Morgan Stanley beats estimates
Morgan Stanley (MS) reported net income of $1.18 billion, or $1.18 per diluted share, the bank’s most profitable first quarter since the 2007 financial crisis. The profits comfortably beat the Wall Street consensus estimate of $0.79 due to higher volumes of mergers and acquisitions, as well as equity sales and trading.
Among the bulge bracket investment bankers, Morgan Stanley reported its highest jump in quarterly profits of 60%, followed by a 40% surge of Goldman Sachs (GS). The stock has returned 5.9% over the past three months, which is less than Goldman Sachs’ 11% return.
Morgan Stanley reported revenues of $9.9 billion as compared to $9 billion a year ago. The company’s investment banking achieved top three rankings in Global IPOs, Global Equity, and Global Announced M&A. The return on equity stood at 14.2% for the overall operations. The record performance led to the increase in the dividend by 50% to $0.15 per share.

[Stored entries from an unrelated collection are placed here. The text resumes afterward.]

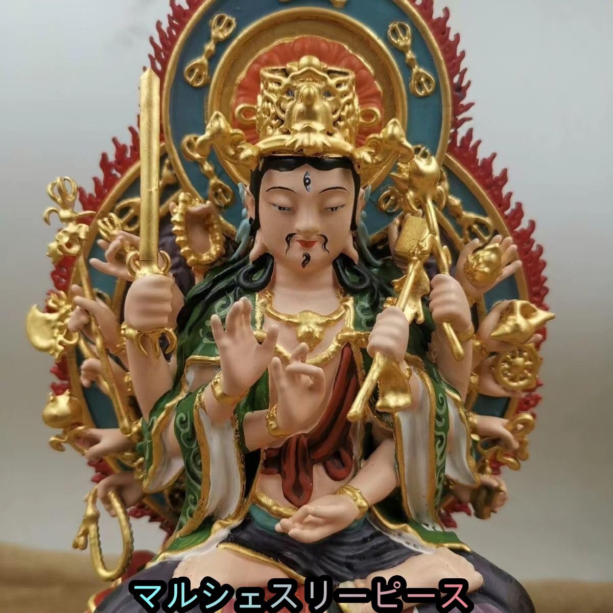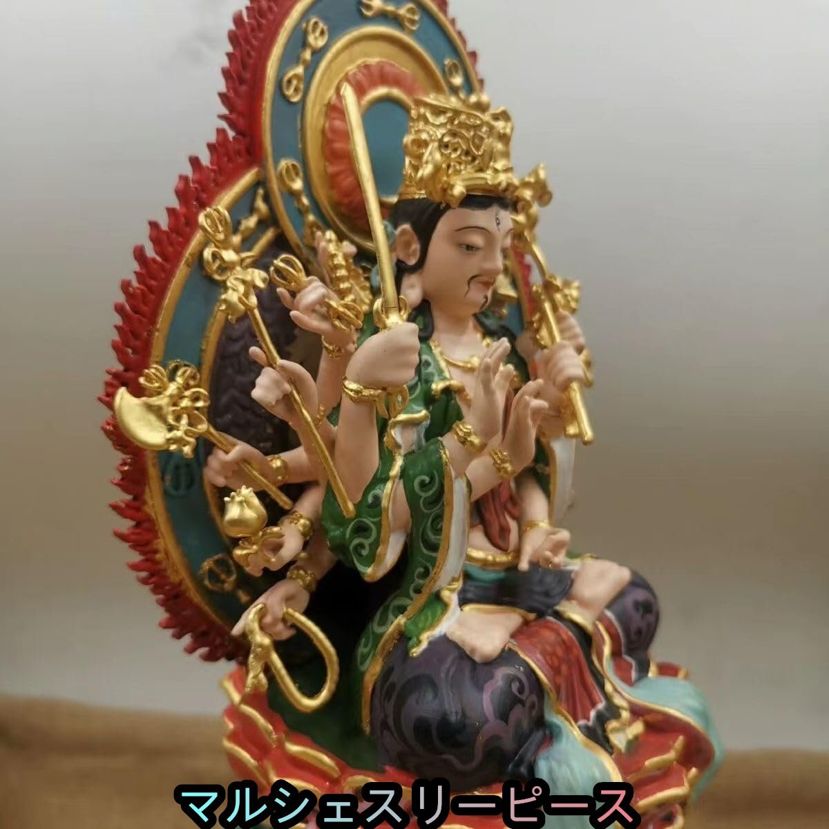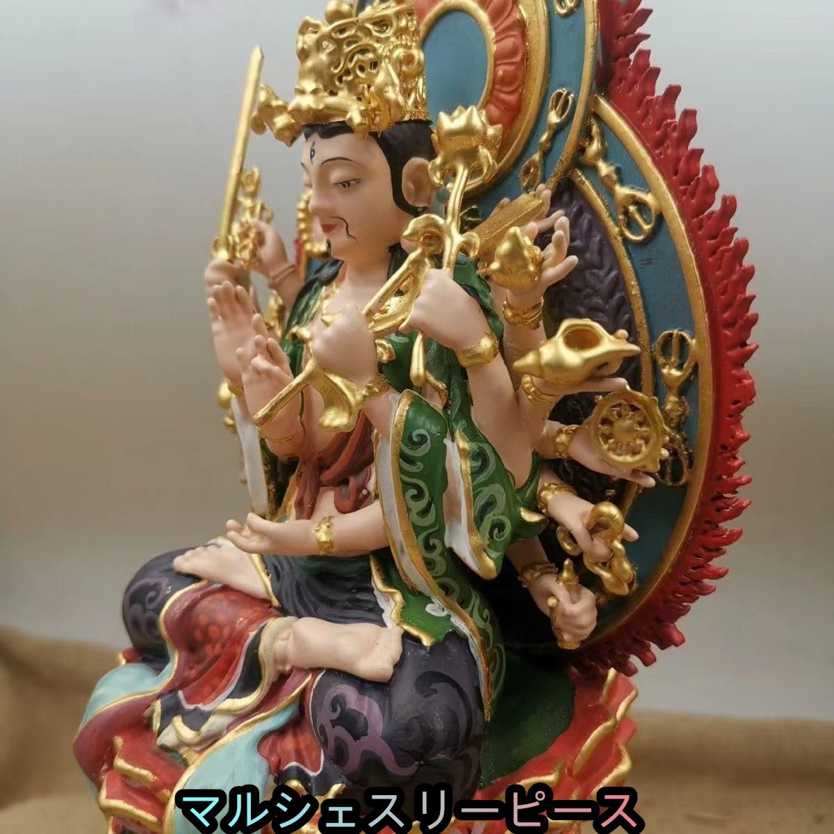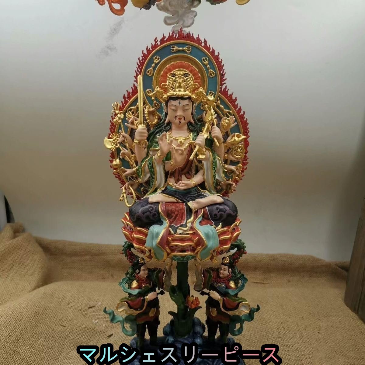准胝観音 仏像(じゅんていかんのん) 高さ39cm 銅製 観世音菩薩 仏像 フィギュア 仏壇用のご本尊仏像 祈る 厄除け(極彩色絵系)1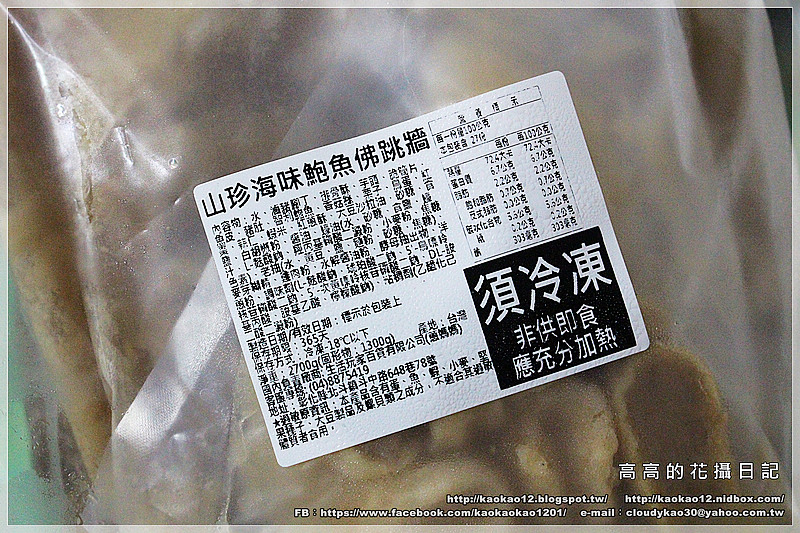 佛跳牆也是分成兩袋包裝,食材中最貴的鮑魚是住在另外一個獨立套房的(笑),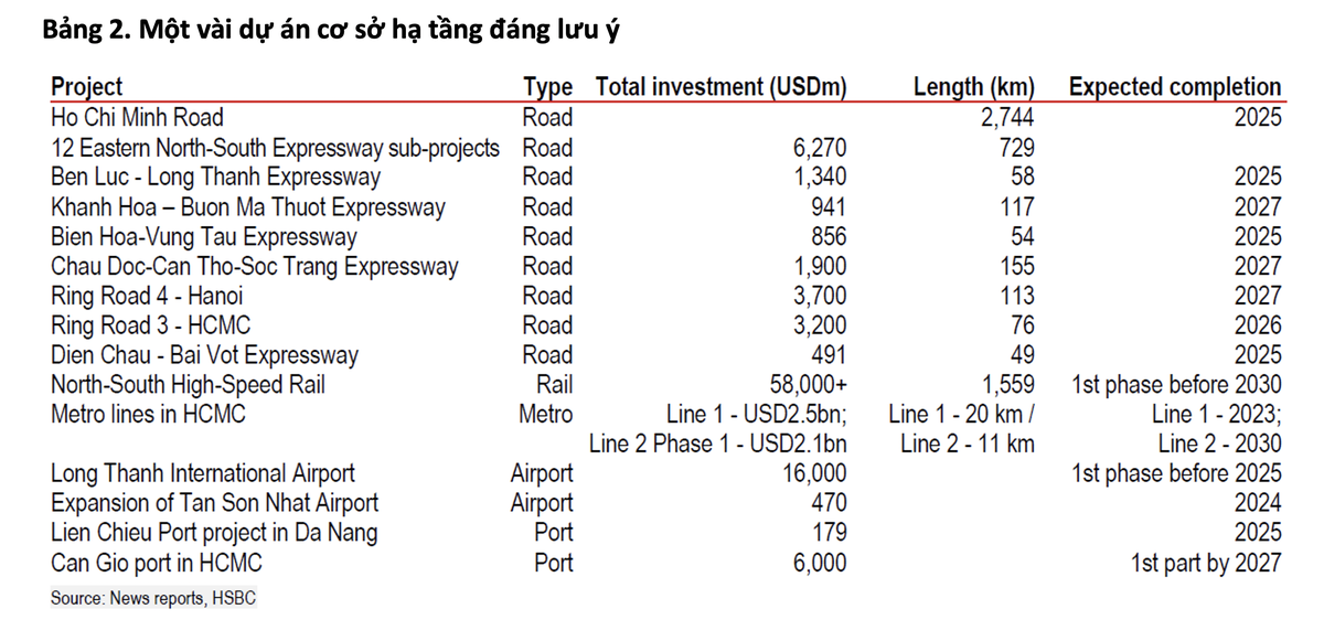 “Các nhà chức trách đã nhận ra vấn đề này và thúc đẩy các dự án như sân bay quốc tế Long Thành, đường sắt cao tốc Bắc - Nam và các tuyến tàu điện ngầm mới của TP. Hồ Chí Minh để tạo điều kiện thuận lợi cho việc vận chuyển hành khách và hàng hóa”, Báo cáo HSBC nhận định.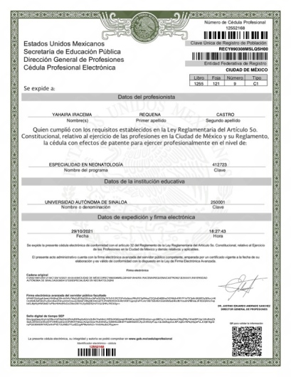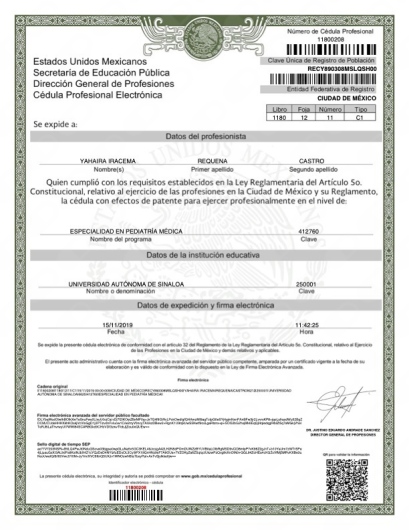 Cómo neonatóloga pediatra certificada, me especializo en diagnóstico y tratamiento integral pediátrica y pediátrica neonatal con afecciones tales como infecciones, defectos congénitos, y trastornos respiratorios. Soy experta en consulta pediátrica, pediátrica neonatal y de alta especialidad, cólicos, bronquitis, tos, gripe, infecciones en vías respiratorias, cordón umbilical, lactancia materna, reanimación cardiopulmonar neonatal, entre otras. "Yo me encargo de su salud, tu de su felicidad" Dra. Yahaira Iracema Requena Castro Neonatóloga Pediatra Certificada UAS · Céd. Esp. 12552168 Clínica de Especialidades Pediátricas Col. Centro, Culiacán, Sinaloa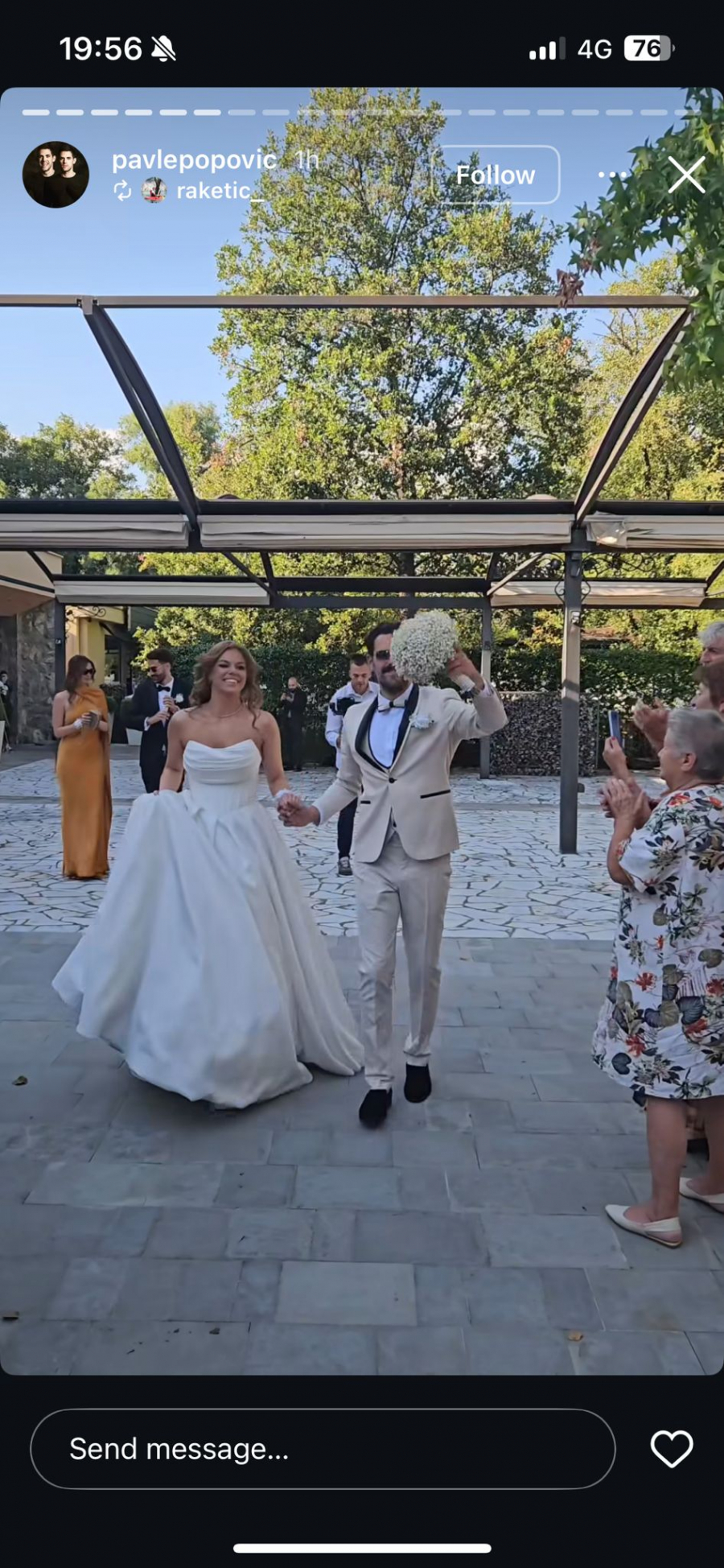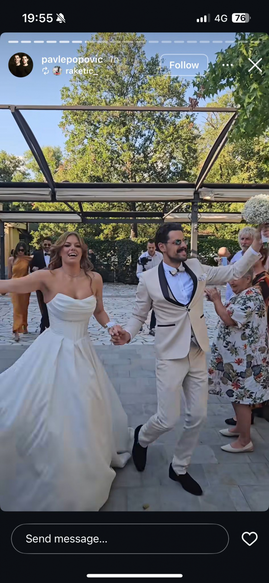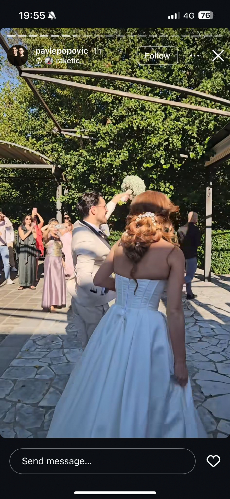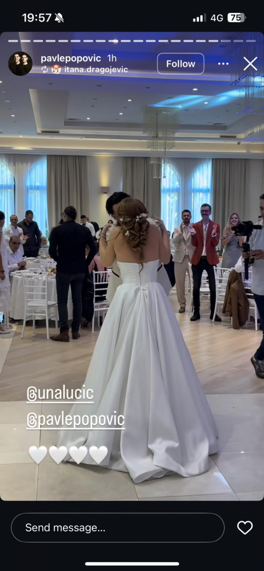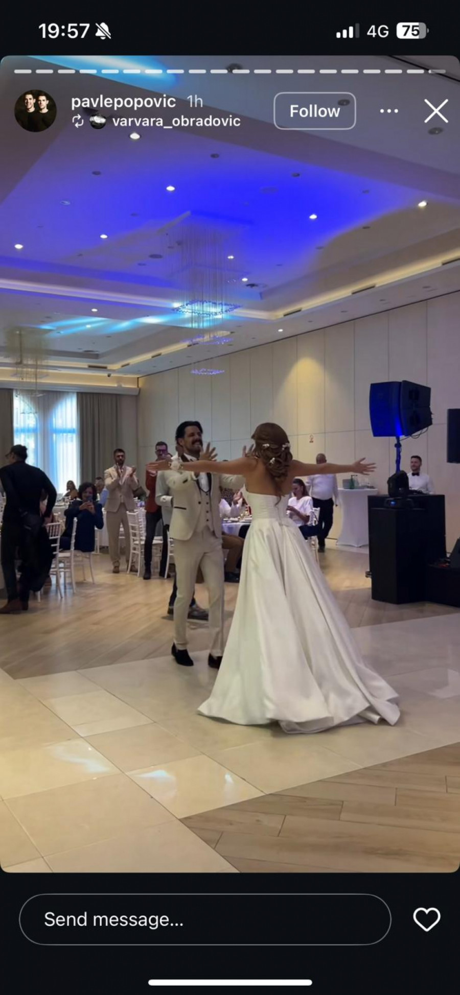 Mlada se pojavila u beloj venčanici i imala je opuštenu pletenicu ispod koje su se prepletali biseri, dok se Pavle odlučio za krem odelo, koje je po rubovima imalo crne detalje, a ceo stajling zaokružio je leptir mašnom.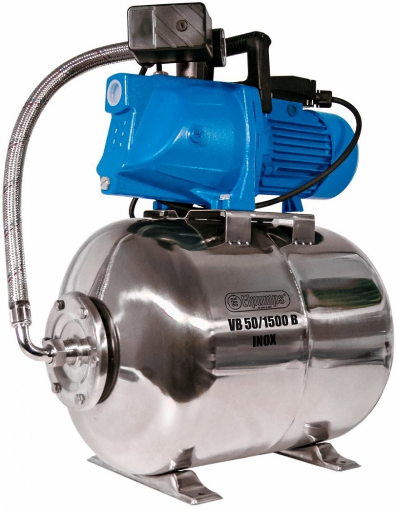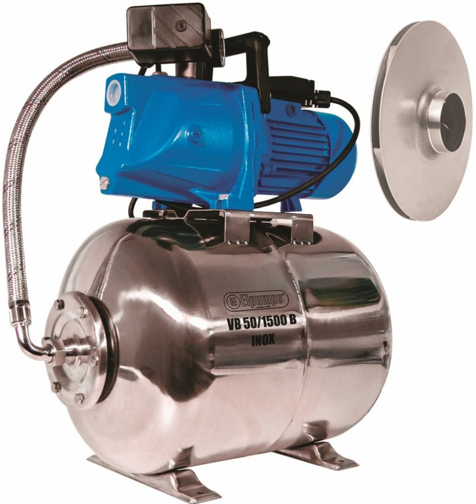 Domácí vodárny ELPUMPS splňují veškeré potřeby zákazníka na zásobování domu nebo zahrady pitnou či užitkovou vodou. Základem bezproblémového chodu a dlouhé životnosti jsou tiché motory o výkonu minimálně 800 W. Pouze takto silné motory mají dostatečnou výkonovou rezervu pro to, aby u nich nikdy nenastalo přetížení či přehřátí, které by mohlo způsobit zničení motoru. Vnitřní i vnější části jsou vyrobeny z antikorozních materiálů. Zákazník může podle potřeb volit mezi tlakovou nádobou o objemu 25 nebo 50 litrů. Kovové opěrné nohy zajišťují dobrou stabilitu stroje. Vodárny je možno dovybavit účinným předfiltrem 1l. Model VBP je osazen čerpadlem s implementovaným předfiltrem o objemu 2 l. Možnosti využití: Po otočení vodovodním kohoutkem vodárna připojená na zdroj vody, nádrž s vodou apod. sama sepne a vytlačí vodu k odběrnému místu. Zajištění domácnosti pitnou nebo užitkovou vodou – zavlažování, wc splachovače, vodovodní baterie, pračky, apod. Podpora vodovodní sítě. Odběr dešťové vody z nádrží, cisteren. Technika: Čerpadlo má samonasávací konstrukci, tzn. při uvedení do provozu je třeba naplnit pouze samotné čerpadlo. Vnitřní konstrukční prvky čerpadla jsou vyrobeny ze speciálního odolného plastu, takže při delším odstavení nehrozí jejich koroze. Skříň čerpadla je vyrobena z litiny nebo speciálního odolného plastu (model VBP). Hřídel čerpadla je utěsněna profesionálním dvojitým těsněním, kombinující pružinové a keramicko-křemíkové těsnění. Modely s označením B mají heavy-duty mosazné oběhové kolo, které má výborné antikorozní parametry, je daleko odolnější vůči abrazivnímu vlivu nečistot (částečky písku ap.) a vydrží bez deformací vlivem tepla i případný běh naprázdno (bez vody). Motor je speciálně hermeticky utěsněn proti vniknutí vody a je chráněn tepelnou pojistkou. Stroje mají nadprůměrnou životnost,protože kromě mechanického těsnění nejsou v těle čerpadla žádné součástky, na které působí otěr. Tlaková nádoba je vyrobena ze silnostěnného plechu (u modelu VBP z nerezu). Uvnitř nádoby je pryžová vystýlka. To zaručuje bezpečnost při provozu a výbornou těsnost nádoby po dlouhou dobu. Nádoba je vybavena přesným tlakoměrem pro kontrolu výstupního tlaku vodárny a hydrokontrolou pro automatické spínání čerpadla.

Bulge bracket investment bank
Morgan Stanley provides products and services to corporations, governments, financial institutions, and individuals. The company provides financial advisory, fundraising services, corporate lending, sales and trading activities, fixed income and commodities trading, wealth management across asset classes, investment management, and research. The company classifies its revenues under three segments: Institutional Securities, Wealth Management, and Investment Management.
The company’s investment banking peers include JPMorgan Chase (JPM), Goldman Sachs (GS), Citigroup (C), Credit Suisse (CS), Evercore Partners (EVR), Deutsche Bank (DB), and Greenhill (GHL). Together, these companies form 17.06% of the Financial Select Sector SPDR (XLF).